== PROMPT ==
Going through the material below, output exactly the lines from the one containing "CD 1, Image 94, View to North, of the garage" through the one containing "FIGURE 1: Results", and no pictures.

== EXERCISE INPUTS ==
· · · ·

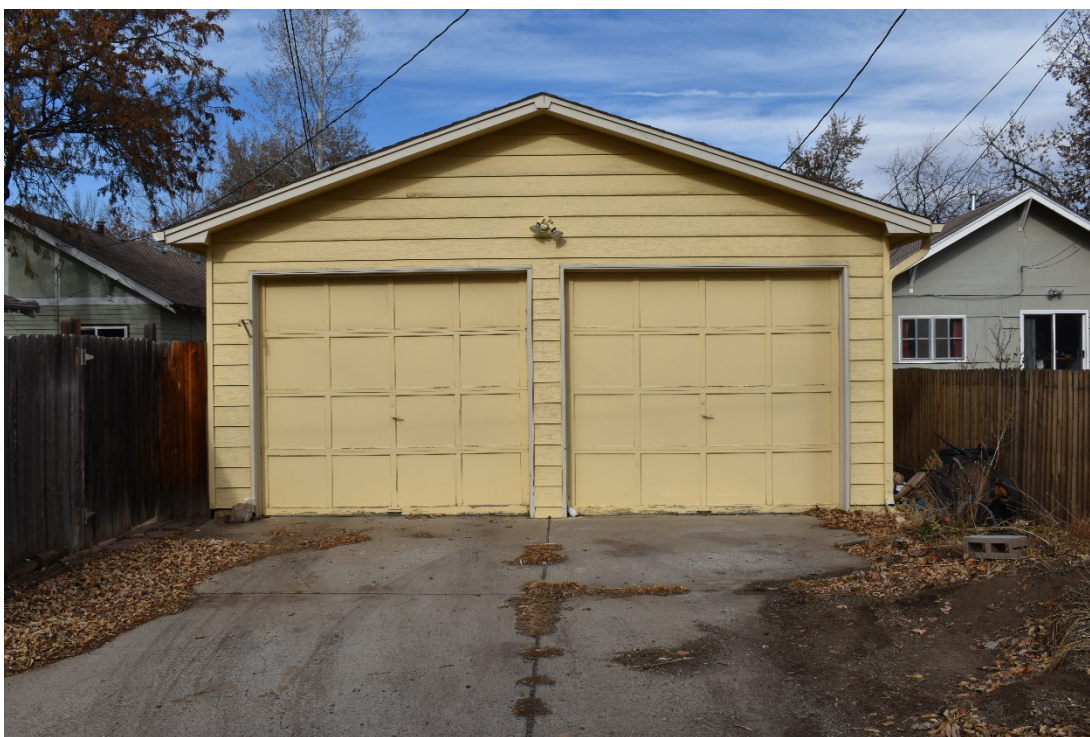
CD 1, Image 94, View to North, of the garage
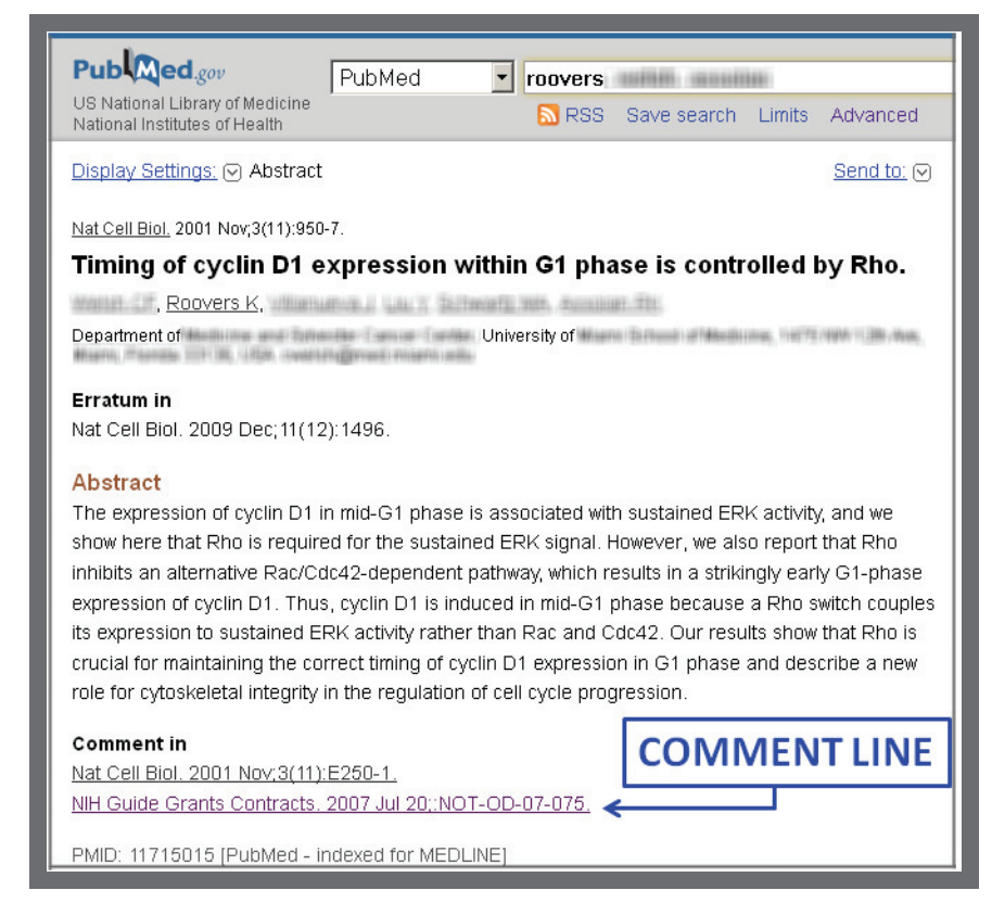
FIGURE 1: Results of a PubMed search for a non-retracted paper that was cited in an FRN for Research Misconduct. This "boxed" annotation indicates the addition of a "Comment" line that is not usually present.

· · · ·

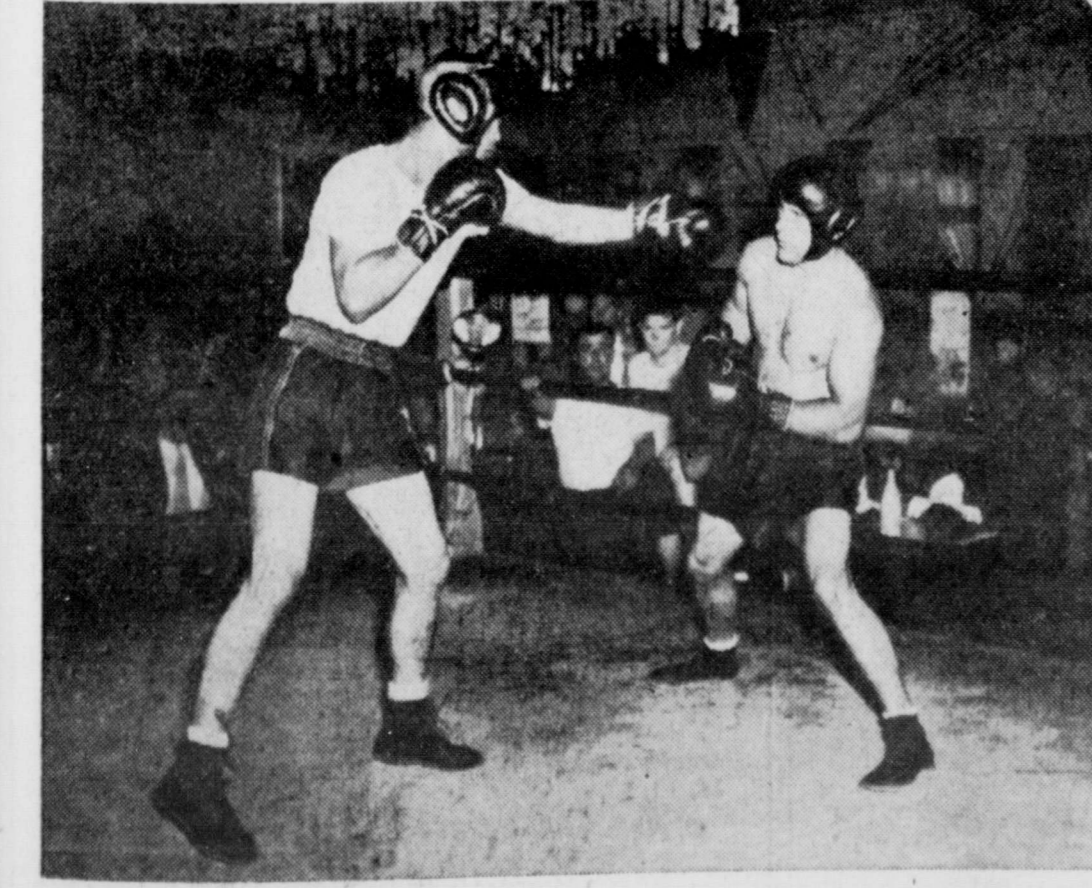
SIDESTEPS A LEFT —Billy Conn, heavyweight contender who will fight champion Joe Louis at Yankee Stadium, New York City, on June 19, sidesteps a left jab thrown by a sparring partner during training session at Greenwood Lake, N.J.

· · · ·

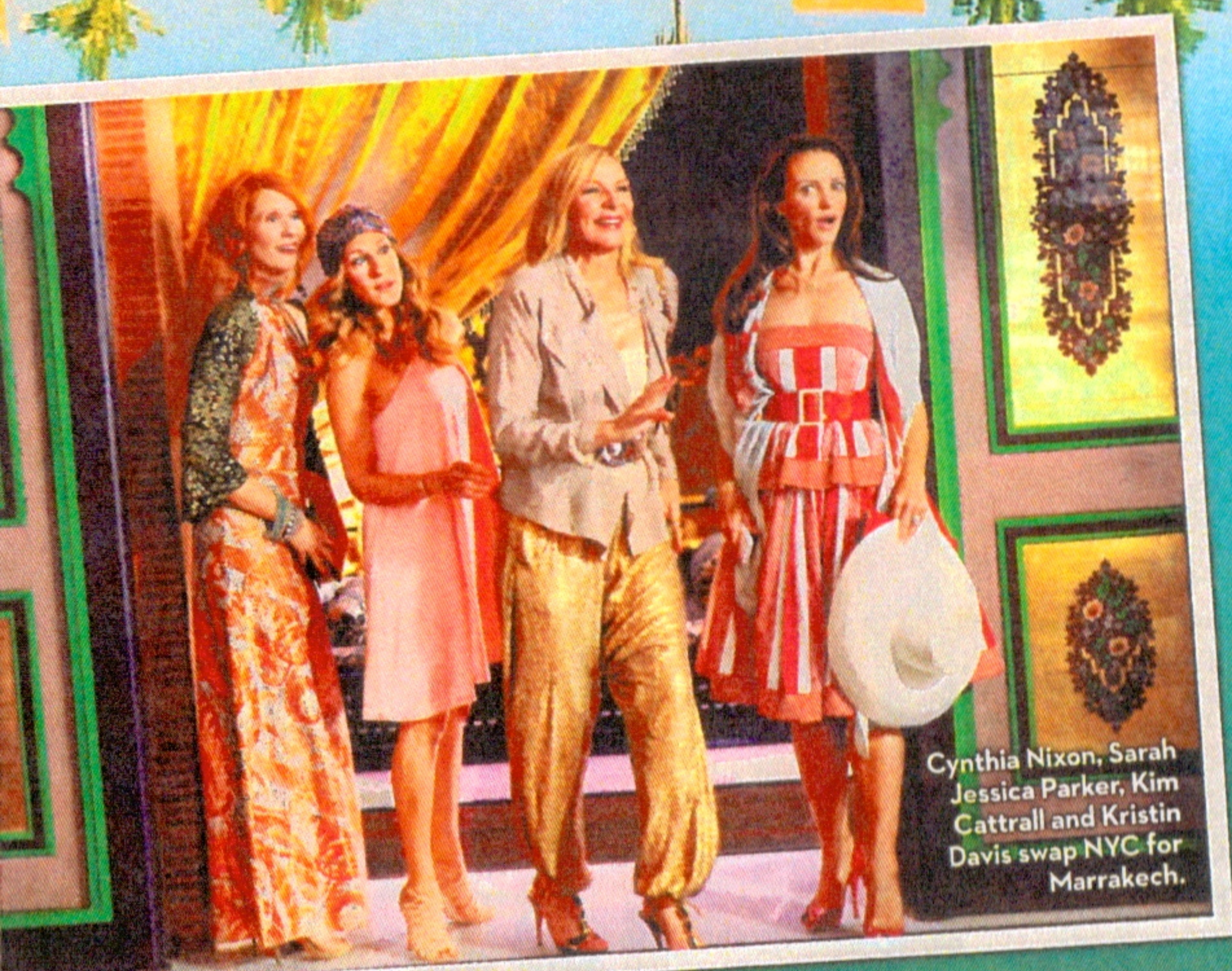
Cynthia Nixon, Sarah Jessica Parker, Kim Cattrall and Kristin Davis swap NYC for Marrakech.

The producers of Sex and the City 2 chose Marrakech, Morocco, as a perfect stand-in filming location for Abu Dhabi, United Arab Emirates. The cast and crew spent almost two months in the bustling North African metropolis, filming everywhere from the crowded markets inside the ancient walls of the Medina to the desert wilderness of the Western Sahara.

· · · ·

== RESULT OF THIS EXERCISE ==
CD 1, Image 94, View to North, of the garage
FIGURE 1: Results of a PubMed search for a non-retracted paper that was cited in an FRN for Research Misconduct. This "boxed" annotation indicates the addition of a "Comment" line that is not usually present.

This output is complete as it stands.